■ EXERCISE OBJECTIVE
Return the records word for word. Any pictures in them are not part of the copy.

■ EXERCISE INPUT

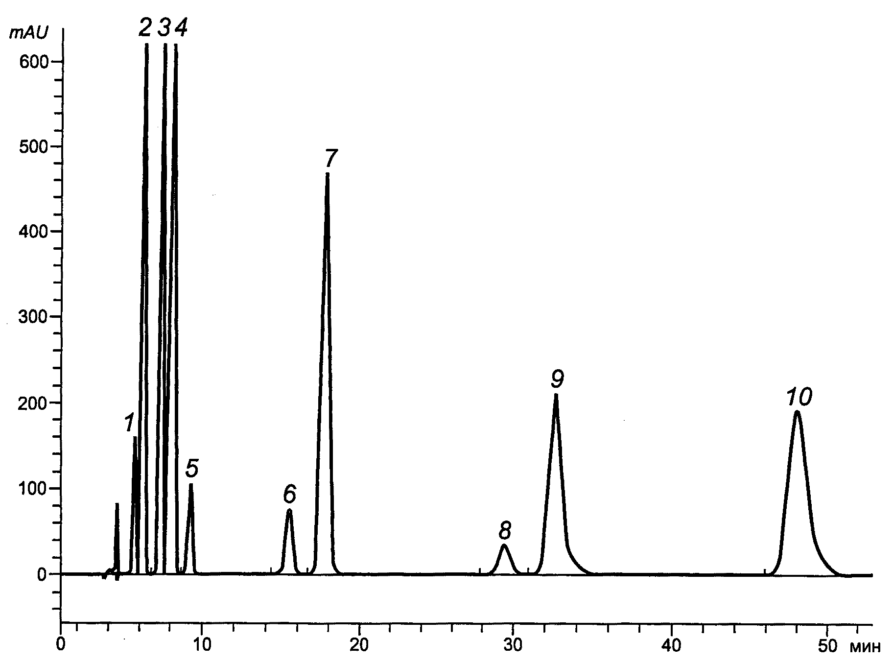 Готовят контрольный раствор, содержащий ацесульфам калия, аспартам, сахарин, 5-бензил-3,6-диоксо-2-пиперазинуксусную кислоту (дикетопиперазин), аспартилфенилаланин, фенилаланин, кофеин, сорбиновую и бензойную кислоты, теобромин, оксиметилфурфурол и ванилин.
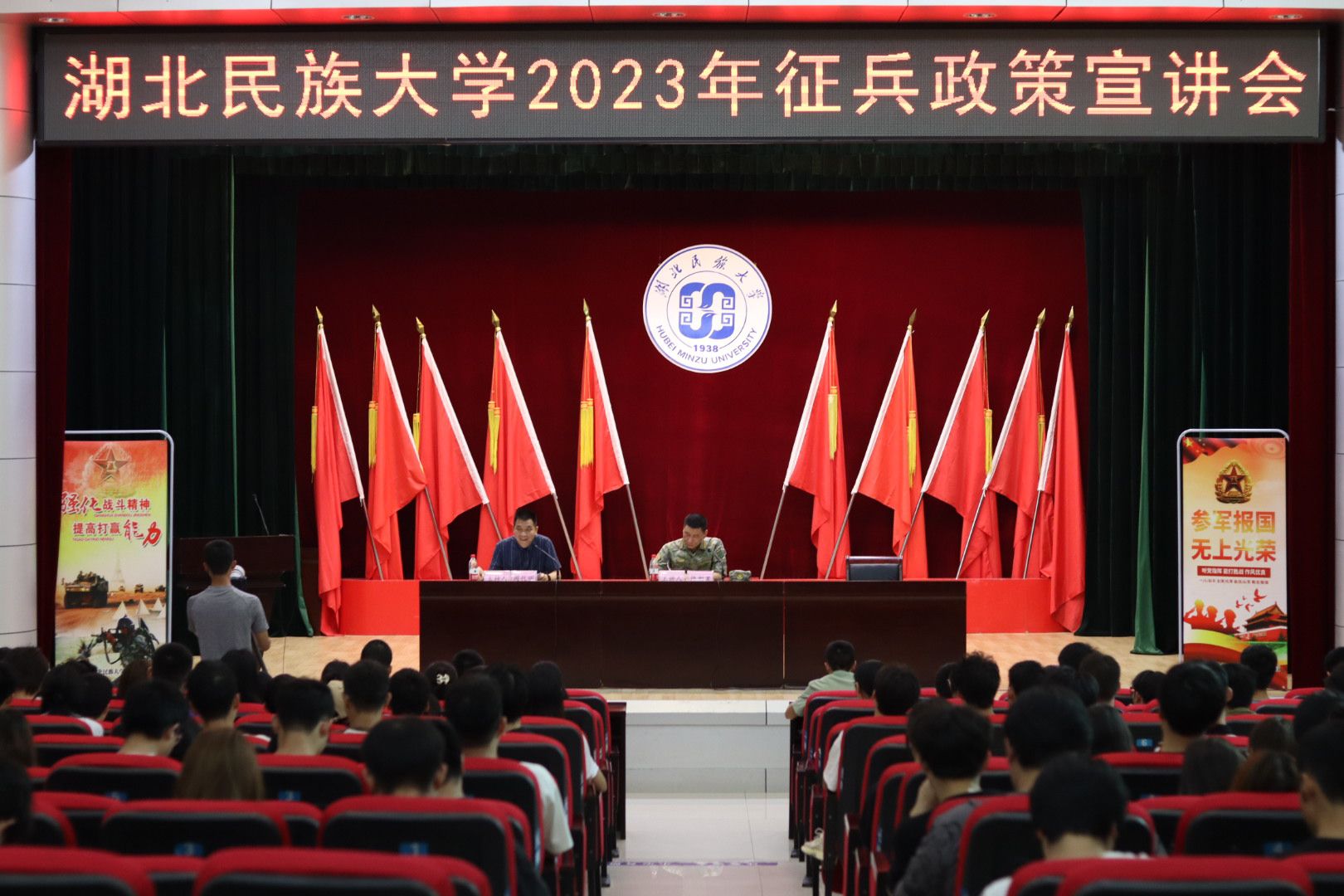 (通讯员 曾飞翔)为做好2023年秋季大学生应征入伍工作,6月14日,我校组织了秋季征兵动员暨政策宣讲会,恩施军分区国防动员处处长陈刚果上校到会指导,近300名学生参加活动。
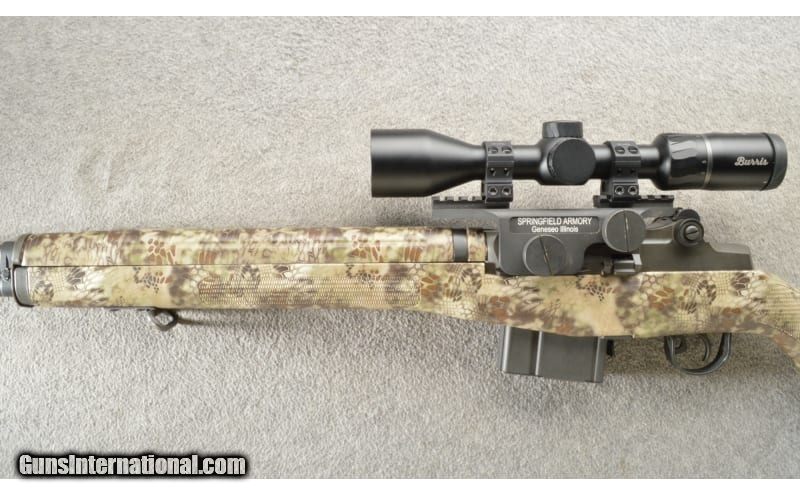Description: Springfield Armory M1A standard chambered in .308 Winchester with a 22" barrel. The M1A features a military front post and an aperture rear sight adjustable for windage and elevation, Burris Fullfield IV 2.5x10x42 with Vortex rings, 2 stage military trigger, Standard flash hider, Hilander camo composite stock, rubber butt pad. Comes in a Springfield soft case with one 10 round magazine and paper work. 7.62 x 51 NATO SOLD Chambers: 10+1 semi auto. Metal Condition: "90%-95%, wear from normal use. Bore Condition: Bright strong bore. Barrels: 22" barrel. Triggers: Single. Stock Dimensions: LOp 13 5/8". Fore End: Synthetic. Butt Pad: Rubber. Weight: 10.5 lbs Sights: "Standard, scope. Item Location: Owatonna, MN |
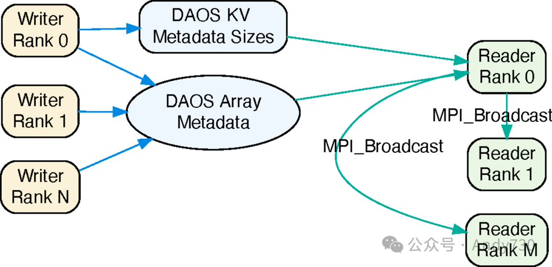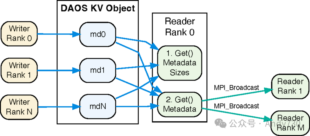 在读取端,排名0首先从KV对象中检索list_metadata_sizes来计算总元数据大小。在分配了必要的内存后,它会使用daos_array_read()函数从DAOS数组中读取所有写入者的元数据。随后,这些元数据会被广播给所有其他读取者排名。
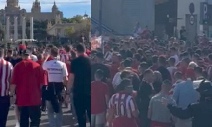 Οι φίλοι του Ολυμπιακού στηρίζουν κατά χιλιάδες την ομάδα του Χοσέ Λουίς Μεντιλίμπαρ στην εκτός έδρας δοκιμασία με την Μπαρτσελόνα στη Βαρκελώνη.
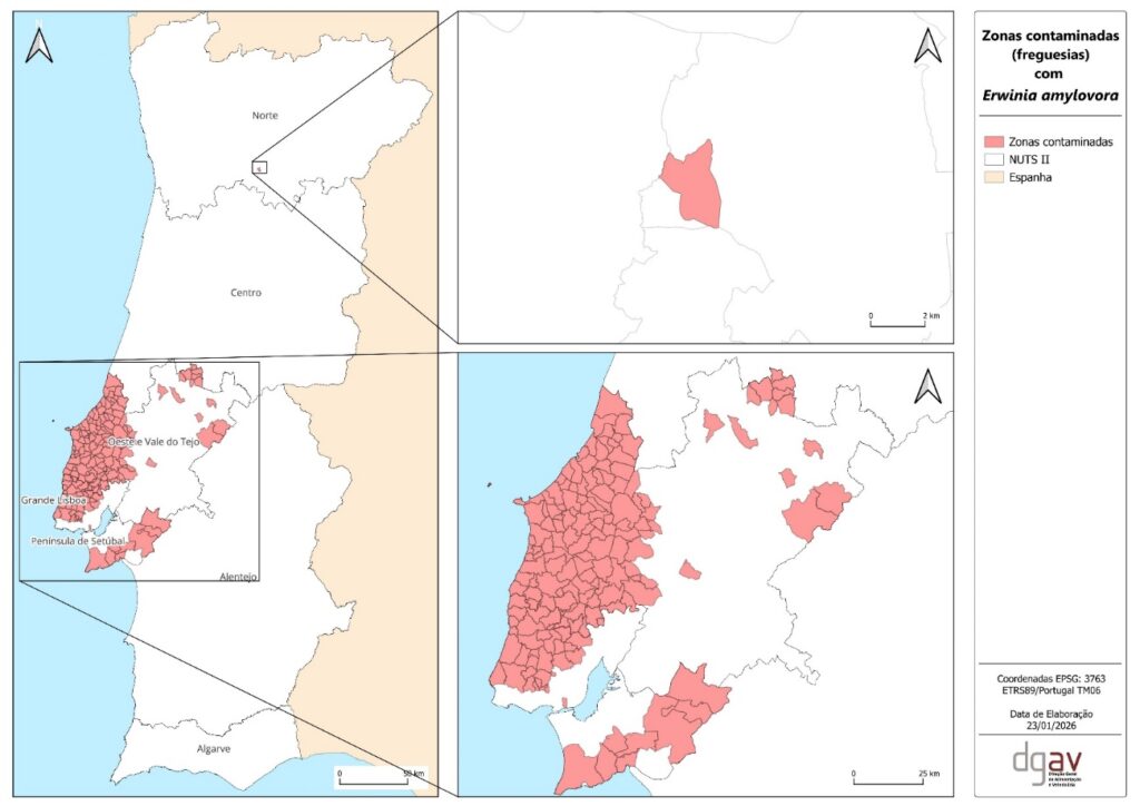A DGAV procede à divulgação do Despacho n.º 26/G/2026 – Atualização das Zonas Contaminadas − Erwinia amylovora (Fogo bacteriano) e Edital 1/2026/Ea/LVT/N – Notificação da Aplicação de Medidas Fitossanitárias – Zonas Contaminadas com Erwinia amylovora.
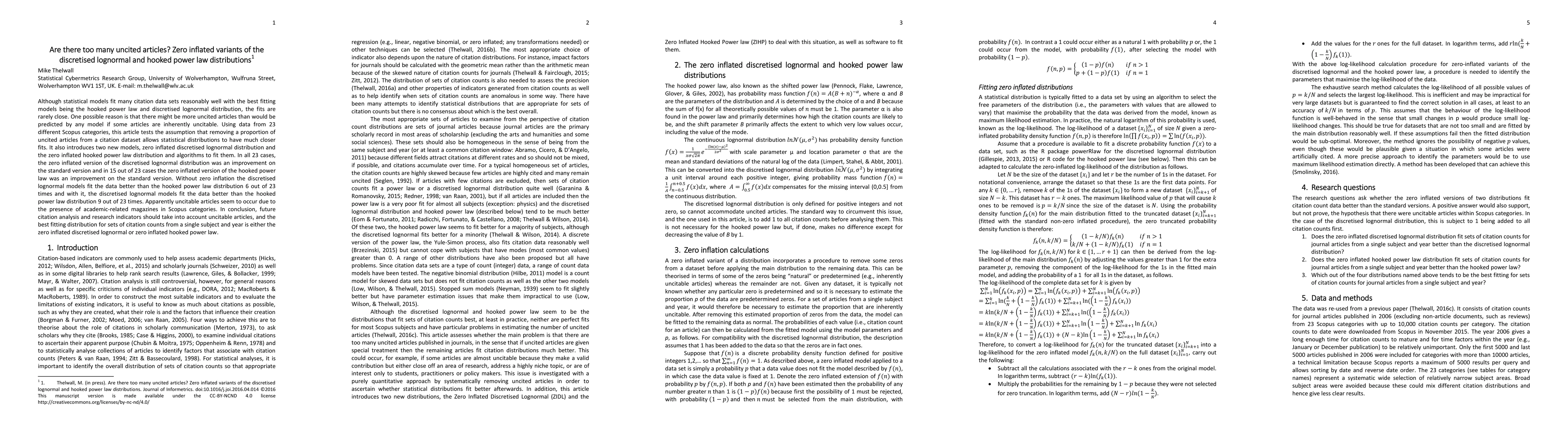This paper investigates whether there are more uncited articles than predicted by existing citation models, proposing zero inflated variants of the discretised lognormal and hooked power law distributions to better fit citation data. The study finds that zero inflated models improve fit in most cases, suggesting that uncitable articles, especially from academic-related magazines, should be considered in future citation analysis.
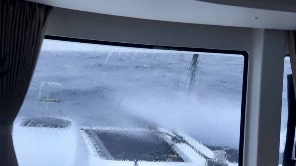 Conditions were miserable. We were in full foul-weather gear, cold and soaking wet as we were pelted by rain and salt spray.
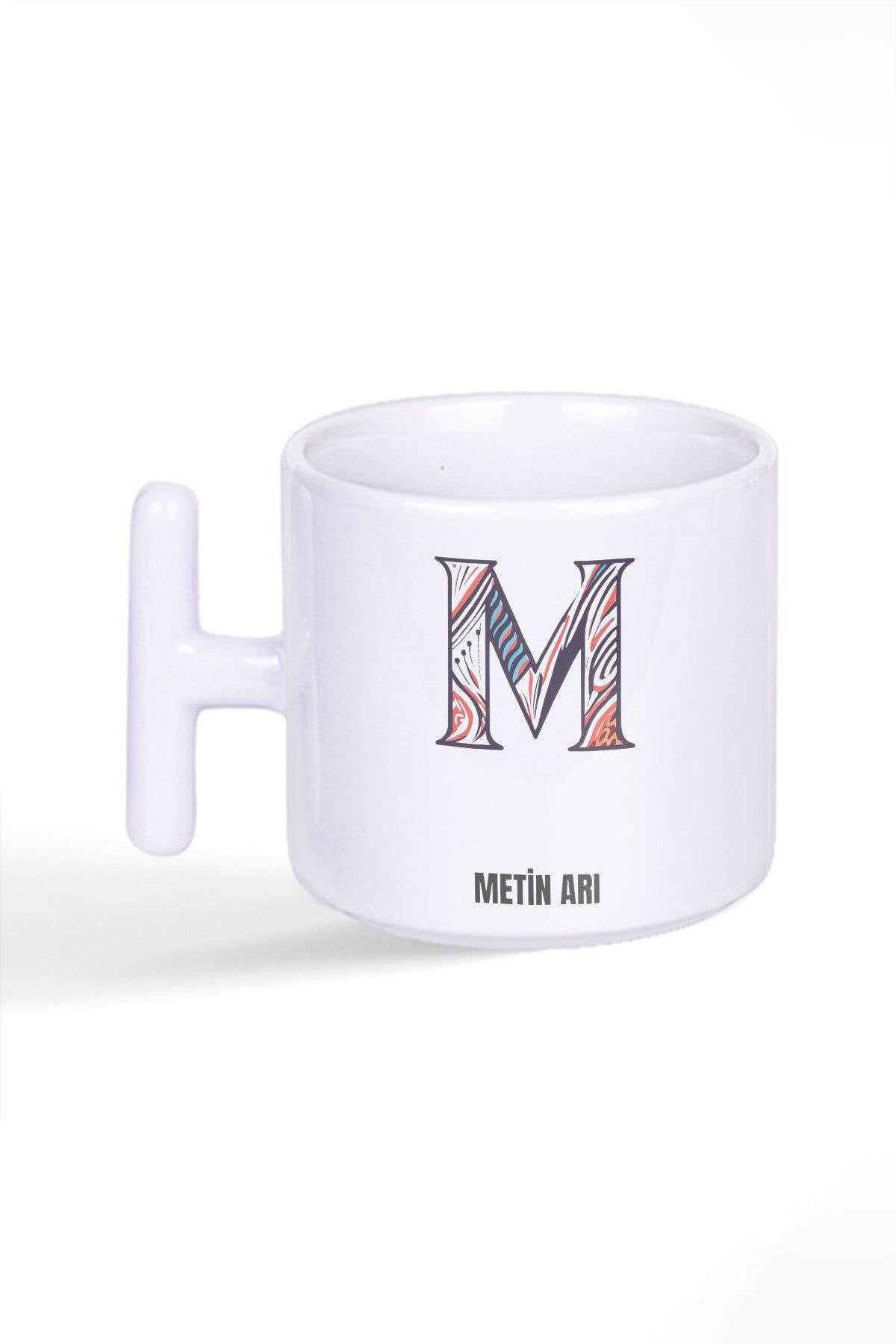 İsme Özel Kişiselleştirilebilir M Harfi Baskılı Latte Fincanı T Kulplu Kupa Bardak
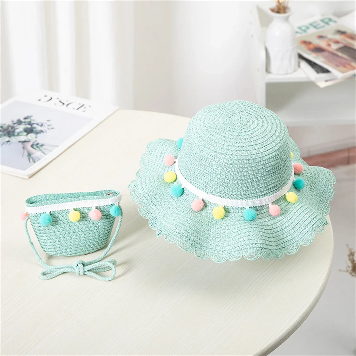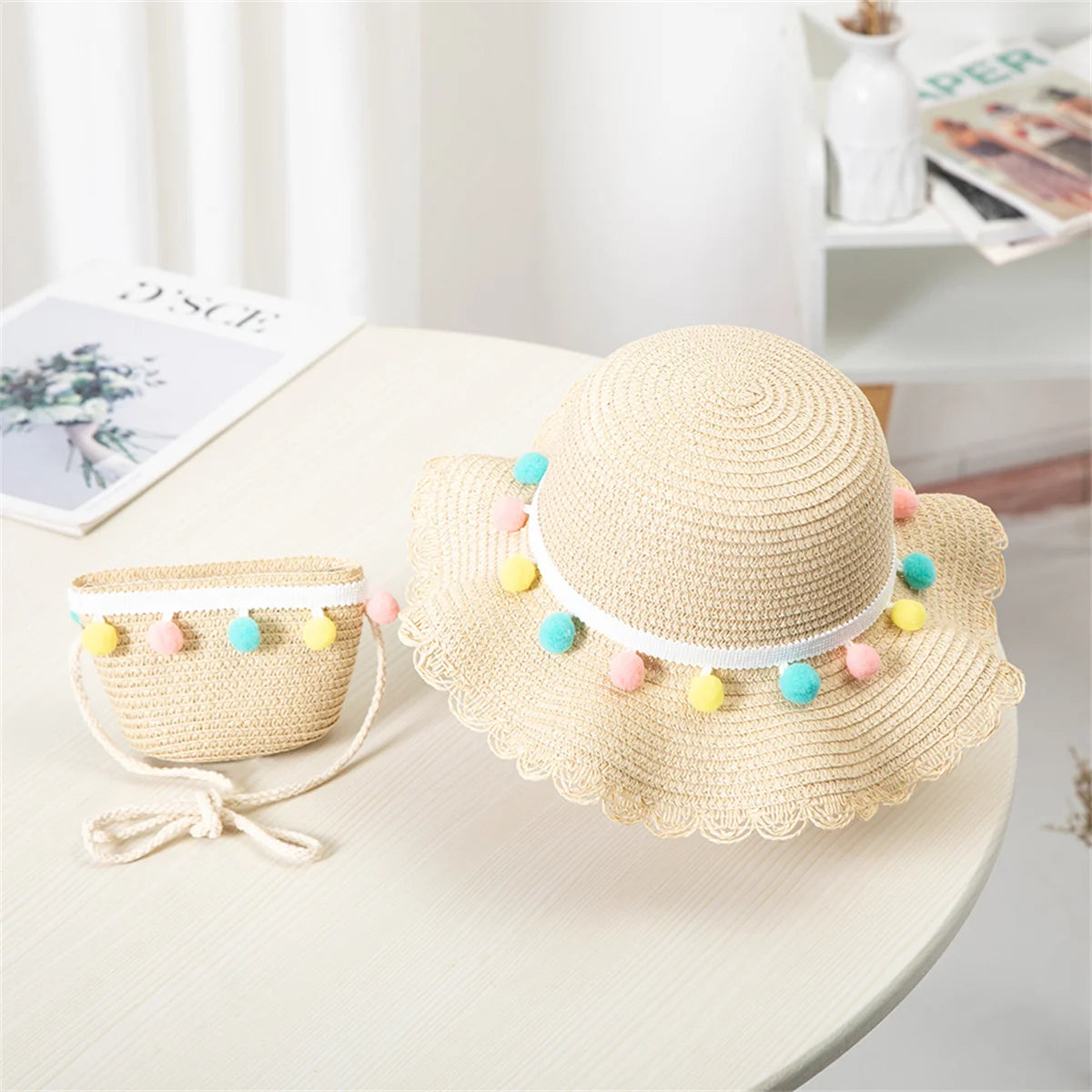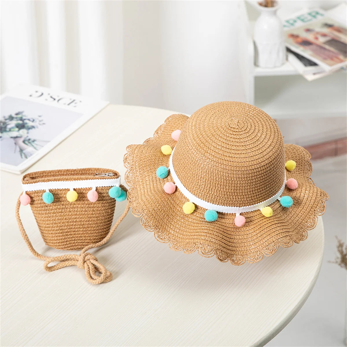 Kids Girls Summer Fashion Children Sunscreen Sun Hat Straw Hat Bag For Girls Cool Hat Girl Cute Breathable BabyAccessories
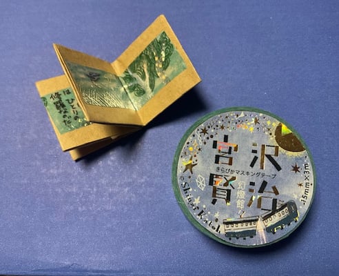 さっそく折り紙で折った本に貼ってみました。
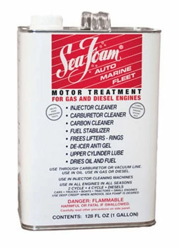 Sea Foam Motor Tune Up Treatment 1Gal (128 Oz). SF-128. SEA FOAM Motor Treatment is a 100% pure petroleum product that safely and effectively cleans internal fuel and oil system components, helping your gasoline or diesel engine run cleaner and more efficiently. SEA FOAM is an EPA-registered product, and will not harm engine components, seals, gaskets, catalytic converters or oxygen sensors.
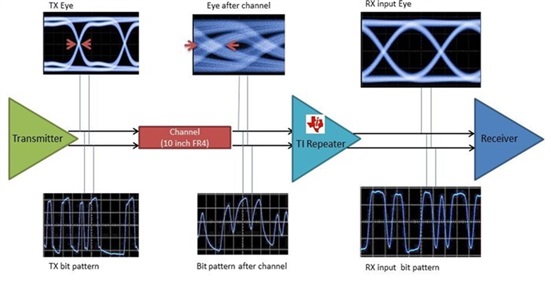 图3展示了具有CTLE的TI DS125BR800A,可消除由互连部分引起的ISI抖动。通过选择与互连部分的插入损耗特性相匹配的适当均衡量,该Repeater可清除ISI抖动并在接收信息的目的端提供干净的数据眼图。
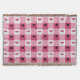En hommage aux savoureux gourmandises de l'été, ce classique motif de nappes à pique-nique est orné d'une tranche de pastèque entourée de fourmis et de graines aux carrés blancs et d'un grill de bouilloire encadré de steaks, de champignons et de morceaux de charbon de bois dans l'autre.

■ RESPONSE TO THIS TASK
 Готовят контрольный раствор, содержащий ацесульфам калия, аспартам, сахарин, 5-бензил-3,6-диоксо-2-пиперазинуксусную кислоту (дикетопиперазин), аспартилфенилаланин, фенилаланин, кофеин, сорбиновую и бензойную кислоты, теобромин, оксиметилфурфурол и ванилин.
 (通讯员 曾飞翔)为做好2023年秋季大学生应征入伍工作,6月14日,我校组织了秋季征兵动员暨政策宣讲会,恩施军分区国防动员处处长陈刚果上校到会指导,近300名学生参加活动。
Description: Springfield Armory M1A standard chambered in .308 Winchester with a 22" barrel. The M1A features a military front post and an aperture rear sight adjustable for windage and elevation, Burris Fullfield IV 2.5x10x42 with Vortex rings, 2 stage military trigger, Standard flash hider, Hilander camo composite stock, rubber butt pad. Comes in a Springfield soft case with one 10 round magazine and paper work. 7.62 x 51 NATO SOLD Chambers: 10+1 semi auto. Metal Condition: "90%-95%, wear from normal use. Bore Condition: Bright strong bore. Barrels: 22" barrel. Triggers: Single. Stock Dimensions: LOp 13 5/8". Fore End: Synthetic. Butt Pad: Rubber. Weight: 10.5 lbs Sights: "Standard, scope. Item Location: Owatonna, MN |
 在读取端,排名0首先从KV对象中检索list_metadata_sizes来计算总元数据大小。在分配了必要的内存后,它会使用daos_array_read()函数从DAOS数组中读取所有写入者的元数据。随后,这些元数据会被广播给所有其他读取者排名。
 Οι φίλοι του Ολυμπιακού στηρίζουν κατά χιλιάδες την ομάδα του Χοσέ Λουίς Μεντιλίμπαρ στην εκτός έδρας δοκιμασία με την Μπαρτσελόνα στη Βαρκελώνη.
A DGAV procede à divulgação do Despacho n.º 26/G/2026 – Atualização das Zonas Contaminadas − Erwinia amylovora (Fogo bacteriano) e Edital 1/2026/Ea/LVT/N – Notificação da Aplicação de Medidas Fitossanitárias – Zonas Contaminadas com Erwinia amylovora.
This paper investigates whether there are more uncited articles than predicted by existing citation models, proposing zero inflated variants of the discretised lognormal and hooked power law distributions to better fit citation data. The study finds that zero inflated models improve fit in most cases, suggesting that uncitable articles, especially from academic-related magazines, should be considered in future citation analysis.
 Conditions were miserable. We were in full foul-weather gear, cold and soaking wet as we were pelted by rain and salt spray.
 İsme Özel Kişiselleştirilebilir M Harfi Baskılı Latte Fincanı T Kulplu Kupa Bardak
 Kids Girls Summer Fashion Children Sunscreen Sun Hat Straw Hat Bag For Girls Cool Hat Girl Cute Breathable BabyAccessories
 さっそく折り紙で折った本に貼ってみました。
 Sea Foam Motor Tune Up Treatment 1Gal (128 Oz). SF-128. SEA FOAM Motor Treatment is a 100% pure petroleum product that safely and effectively cleans internal fuel and oil system components, helping your gasoline or diesel engine run cleaner and more efficiently. SEA FOAM is an EPA-registered product, and will not harm engine components, seals, gaskets, catalytic converters or oxygen sensors.
 图3展示了具有CTLE的TI DS125BR800A,可消除由互连部分引起的ISI抖动。通过选择与互连部分的插入损耗特性相匹配的适当均衡量,该Repeater可清除ISI抖动并在接收信息的目的端提供干净的数据眼图。
En hommage aux savoureux gourmandises de l'été, ce classique motif de nappes à pique-nique est orné d'une tranche de pastèque entourée de fourmis et de graines aux carrés blancs et d'un grill de bouilloire encadré de steaks, de champignons et de morceaux de charbon de bois dans l'autre.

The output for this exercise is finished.